School boards already oversee contracts for numerous bargaining units: teachers, support staff, custodians, bus drivers, etc. Allowing small new units of less than ten having a “common area of interest” will only create new financial burdens as negotiation requirements expand due to new small units.
Another major troubling concern is the proposed new provision (also contained in HB 1436) requiring a continuation clause in all contracts, unilaterally implementing pay raises and bypassing local voter approval, increasing school district appropriations without a vote of the legislative body. NH law currently requires maintenance of the status quo between the expiration of a contract and the commencement of a successor agreement, and the NH Supreme Court has ruled that this does not include step raises. Statutorily requiring automatic renewal of collective bargaining agreements represents an unconstitutional unfunded mandate; it would impose financial obligations on the school district beyond the negotiated duration of the contract. When multi-year contracts are noticed to the voters, estimates are provided of the cost for each year of the proposed agreement, and voters are noticed of a specific end-point. Extending pay provisions beyond the expiration date of the contract represents an unfunded mandate being placed on taxpayers.
HB 1364 also proposes a drastic and unworkable change to the bargaining process and, similar to HBs 1436 and 1469, would mandate school district expenditures without legislative body approval. The bill proposes that an outside 3rd party make financial decisions that are forced upon the school district, bypassing local taxpayer approval. RSA 273A provides a roadmap for the public bargaining process; it provides for dispute resolution and requires parties to negotiate in good faith. Mediation and factfinding are provided for, and any agreement, including one resulting from mediation, is presented to the voters. If the parties fail to agree to a fact-finder’s recommendations, those cost-items are also presented to the voters.

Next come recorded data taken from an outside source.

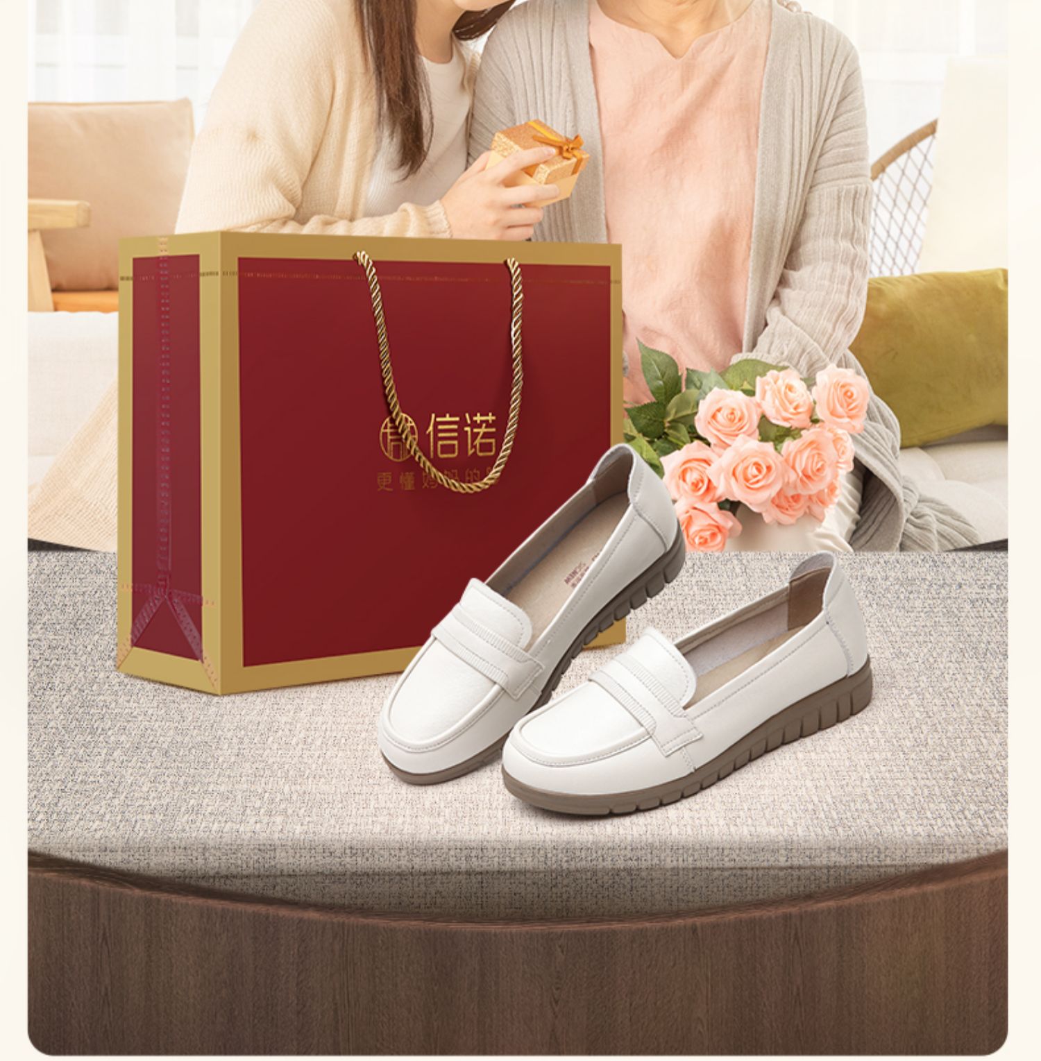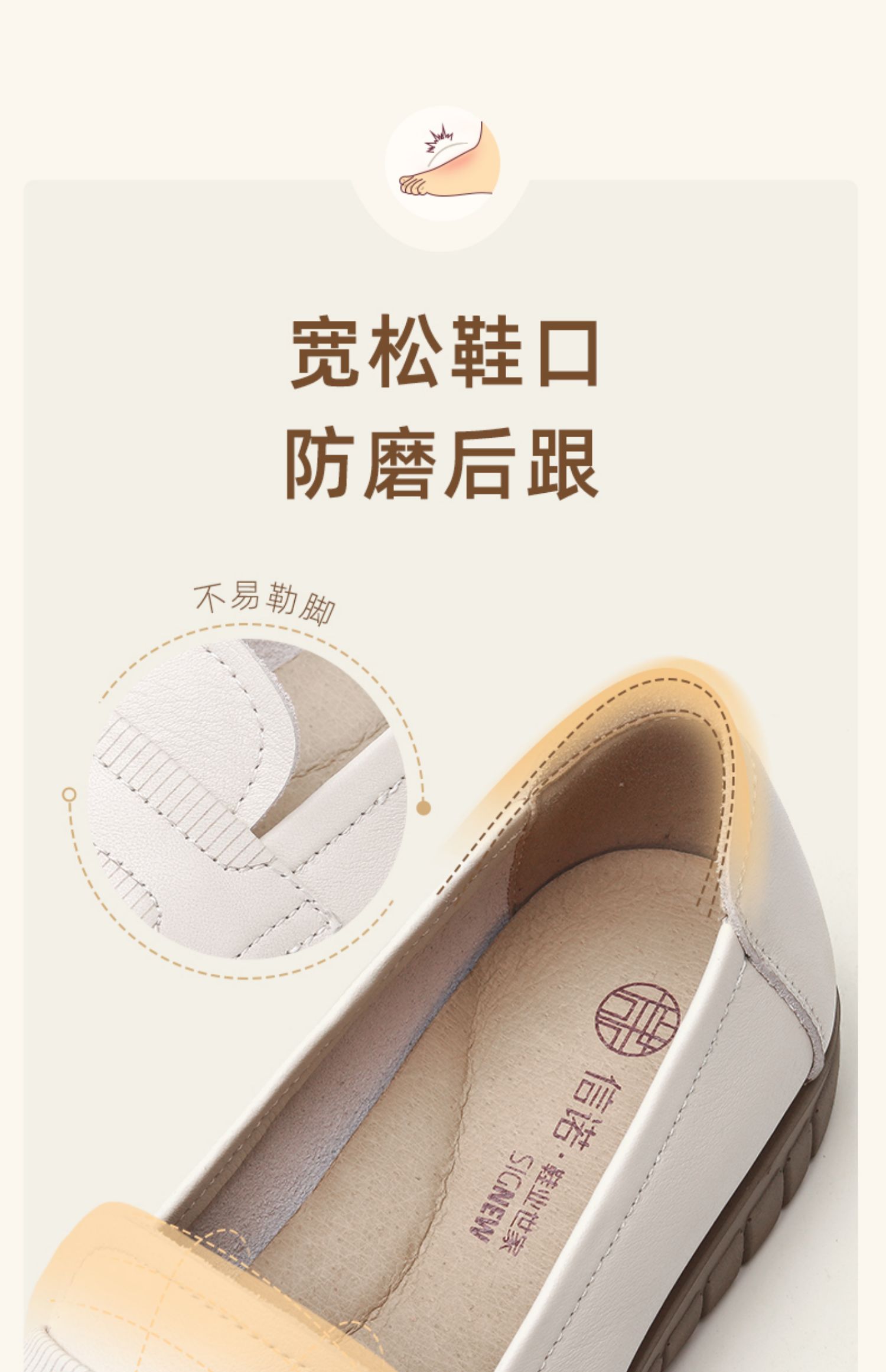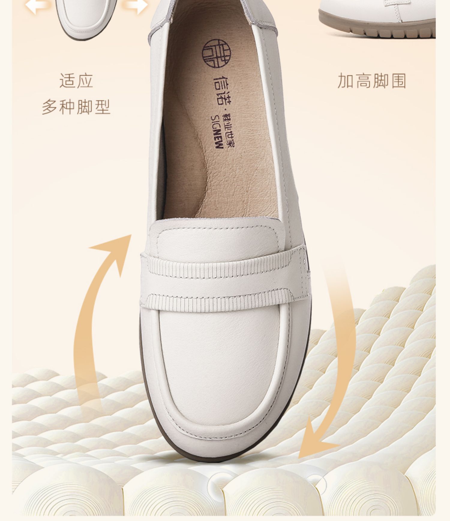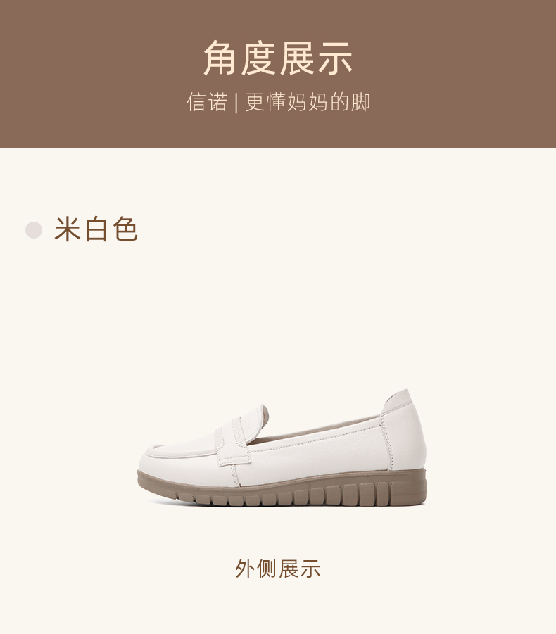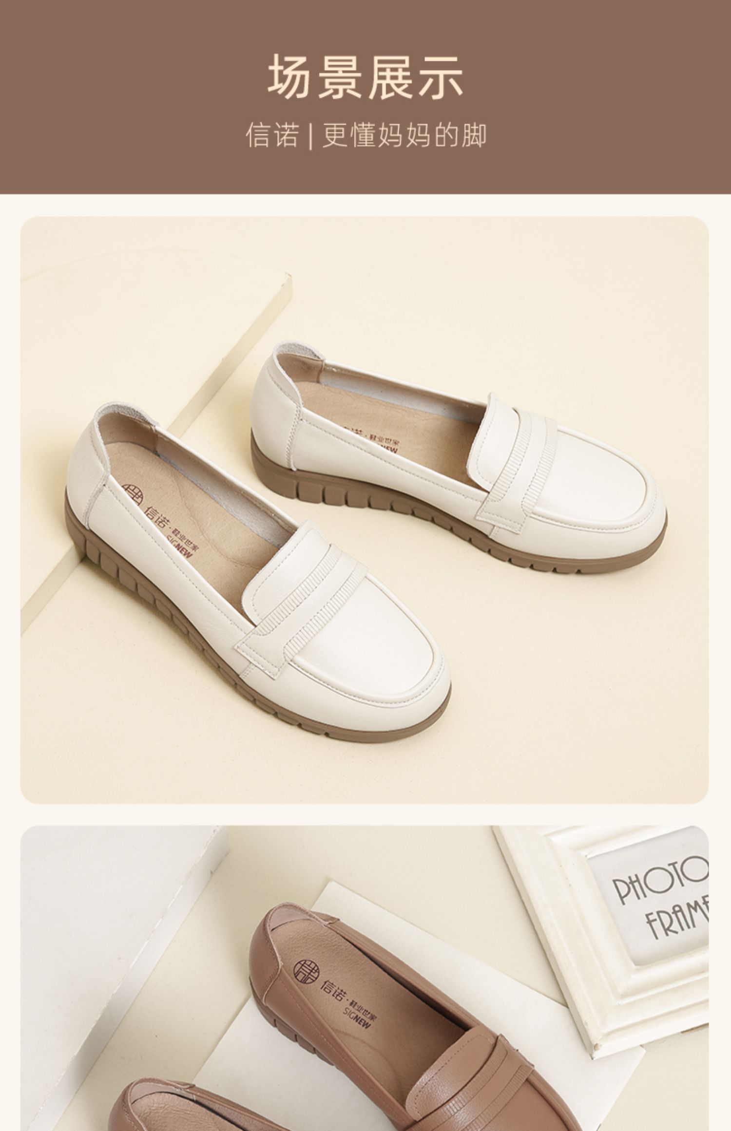 信诺真皮软底妈妈鞋2024新款春季舒适一脚蹬女单鞋中老年休闲皮鞋24C6315-107
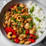 Cashew Chicken is a delicious and flavorful stir-fry dish featuring tender bite-sized chicken pieces cooked with crunchy cashew nuts and vibrant vegetables in a savory-sweet sauce. This quick and easy family favorite comes together in just 30 minutes, making it perfect for a satisfying weeknight dinner served over rice or noodles.
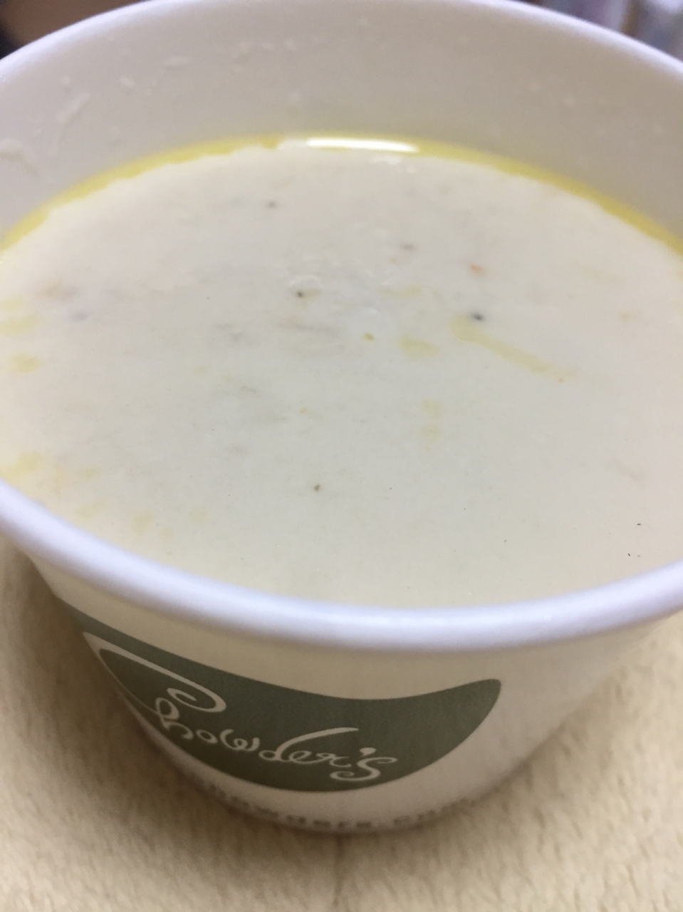 今回はレギュラーサイズのクラムチャウダーを注文しましたが、中身の具材も多く美味しかったです。
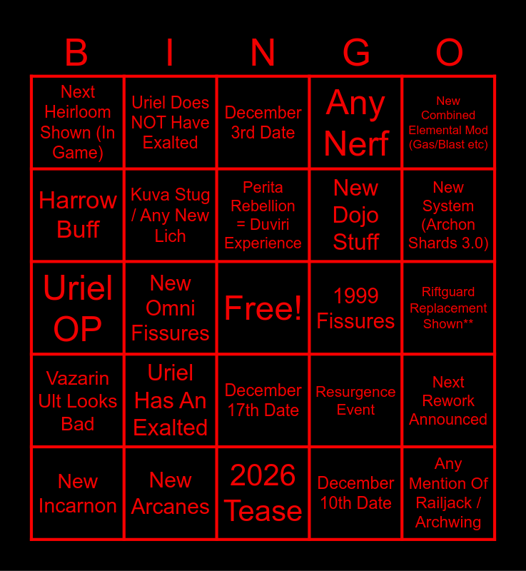 This bingo card has a free space and 24 words: Uriel Has An Exalted, New Arcanes, Perita Rebellion = Duviri Experience, New Incarnon, New Combined Elemental Mod (Gas/Blast etc), Next Heirloom Shown (In Game), Harrow Buff, Uriel Does NOT Have Exalted, 1999 Fissures, December 17th Date, New Dojo Stuff, Uriel OP, Resurgence Event, Next Rework Announced, Kuva Stug / Any New Lich, December 10th Date, Riftguard Replacement Shown**, December 3rd Date, New System (Archon Shards 3.0), New Omni Fissures, Any Mention Of Railjack / Archwing, Vazarin Ult Looks Bad, Any Nerf and 2026 Tease.
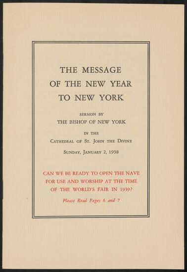 A Call for the Completion of the Sanctuary and Choir and the Opening of the great Interior of the Cathedral of St. John the Divine
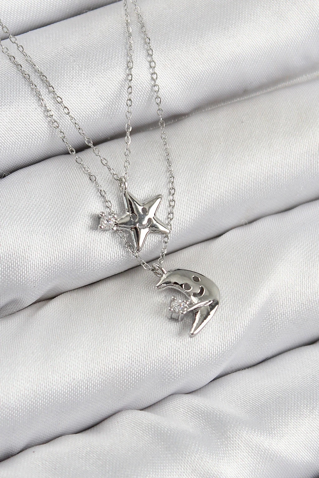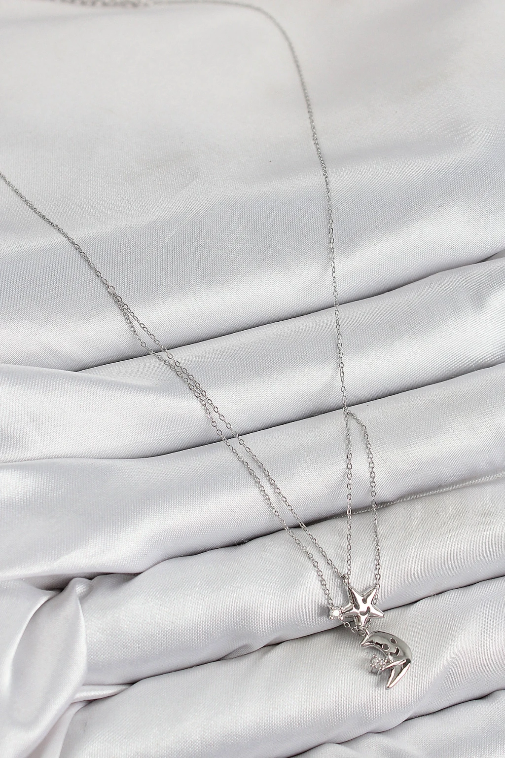Pirinç Zirkon Taşlı Yıldız Ve Ay Model Gümüş Renk Kadın Kolye - TJ-BKO10423
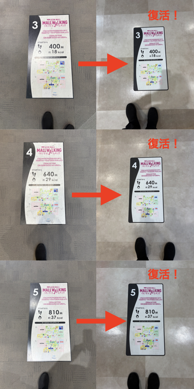 その影響で,ウォーキングの案内標識3~5番が
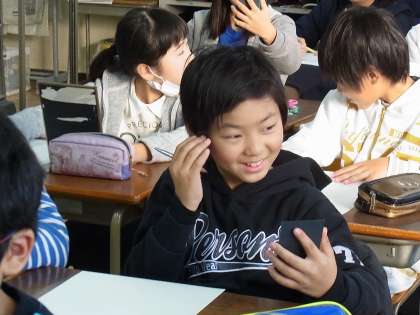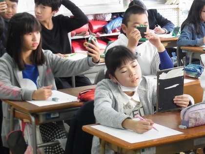 図工の時間、自画像を版画で仕上げるためにデッサンをしていました。
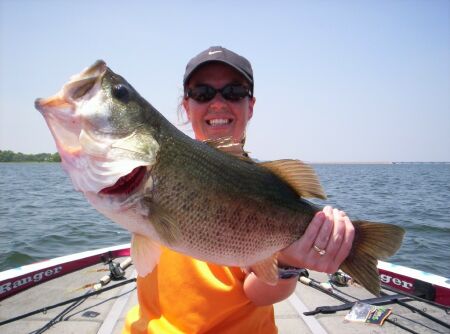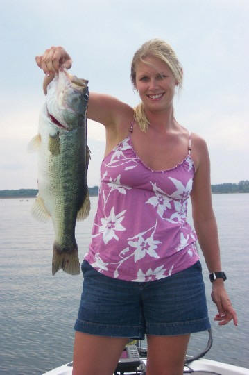 Mrs. Farcel from Minnesota with a 7 1/2 pound hog. Bass fishing with Pro Guide John Tanner - June, 2006
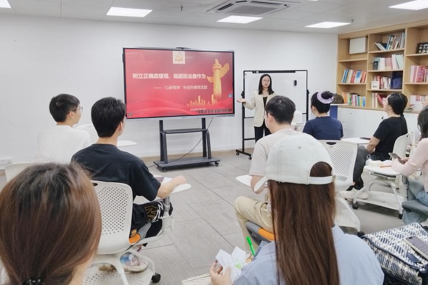 活动伊始,李佩婷从党支部组建背景、组织架构、性质定位、活动规划等方面对“心研导学”科创先锋党支部作了全面介绍。党支部旨在打破专业壁垒和学段隔阂,探索党建工作与科研创新有效结合的新途径。随后,全体党员深入学习习近平总书记关于树立和践行正确政绩观的重要论述,会议强调要筑牢思想根基、强化实干担当。
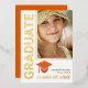 Custom graduation invitations featuring your photo and a bit of faux orange glitter glam and real foil accents that are easy to personalize. Create your own graduation party or graduation ceremony invitations by adding your photo and your graduate's name in orange text next to the faux glitter orange graduation cap graphic. GRADUATE in bold typography style lettering along the left side of the custom invitation as well as CLASS OF 20XX where you can add your graduate's school year and the thin border around your photo are all printed in real foil for the bling factor. Each personalized graduation invitation reverses to a solid orange background with a text template in white lettering where you can add all your party invitation details.
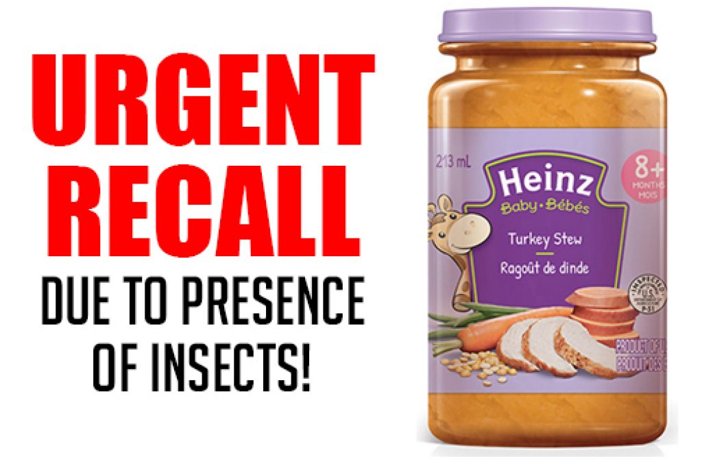 Kraft Heinz Canada is recalling Heinz brand Turkey Stew 8+ Months baby food from the market due to the presence of insects! The affected products include:
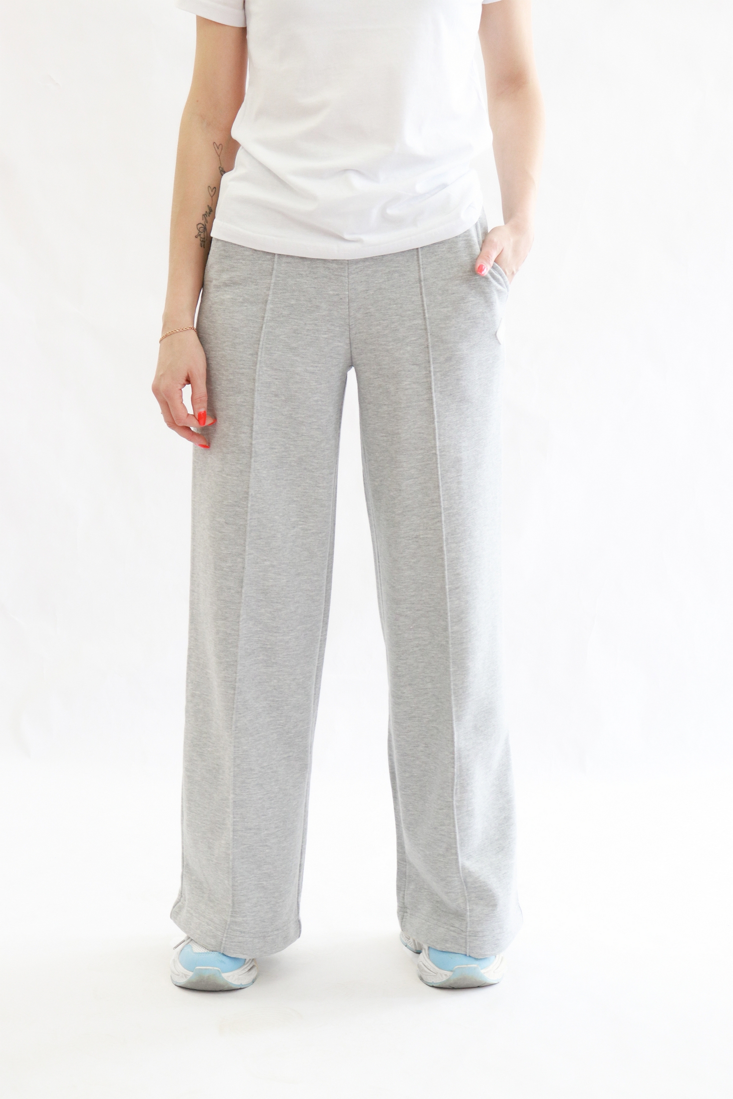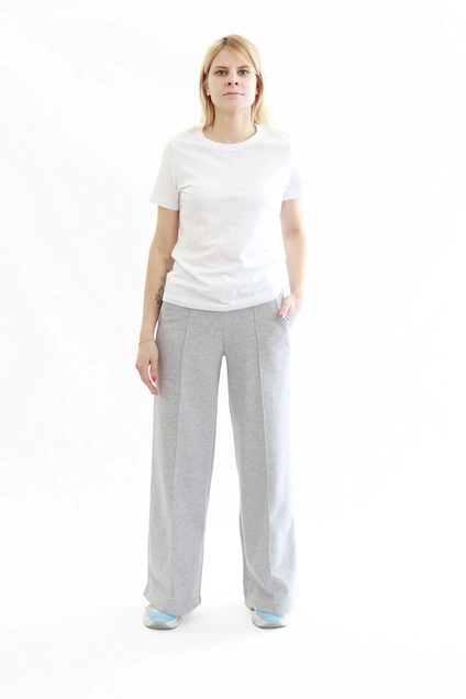 Элегантные женские брюки палаццо светло-серого цвета великолепно дополнят ваш гардероб. Модель выполнена из мягкого текстиля, что обеспечивает комфорт на весь день. Талия на удобной резинке идеально садится по фигуре, а боковые карманы добавляют функциональности. Особый акцент — стрелки на передней части, придающие изделию аккуратный вид. С левой стороны, в районе кармана, расположена деликатная эмблема, подчеркивающая бренд. Эти брюки станут идеальным выбором для создания как повседневных, так и более официальных образов.

Collective bargaining, and dispute resolution, are best resolved at the local level, and represent one of the primary responsibilities of locally elected school board officials. The simple fact is that most bargaining is settled in a timely fashion, and most all disputes are settled through mediation. Based on a survey of our members, over 93% of our school districts commenced the school year with a valid and current agreement. Most impasses are resolved by mediation and many, if not most, protracted impasses are a result of legislative body vote at a school district meeting where the cost items of a proposed agreement are not approved. Such a vote requires both parties to return to the table. The proposal in HB 1364 is to circumvent this process and have an outside party dictate and impose their terms on the taxpayers, bypassing the approval of local voters. The issue here is one of implementing public policy that allows an outside party to determine costs that local taxpayers will be obligated to fund.
Finally, the timeline proposed in HB 1364 would require negotiations to begin in the spring and stipulate impasse/mediation by late summer, with the new impasse panels convened in the fall. The proposal represents an unworkable schedule for school districts, which do not even start bargaining until the fall, after teachers return from vacation and districts are able to determine school year enrollment changes and staff turnover. The impossible schedule proposed in this bill would practically assure that the parties are at impasse in almost all cases.
NHSBA thanks you for the opportunity to share our concerns and strongly urges the committee to vote Inexpedient to Legislate on these three bills.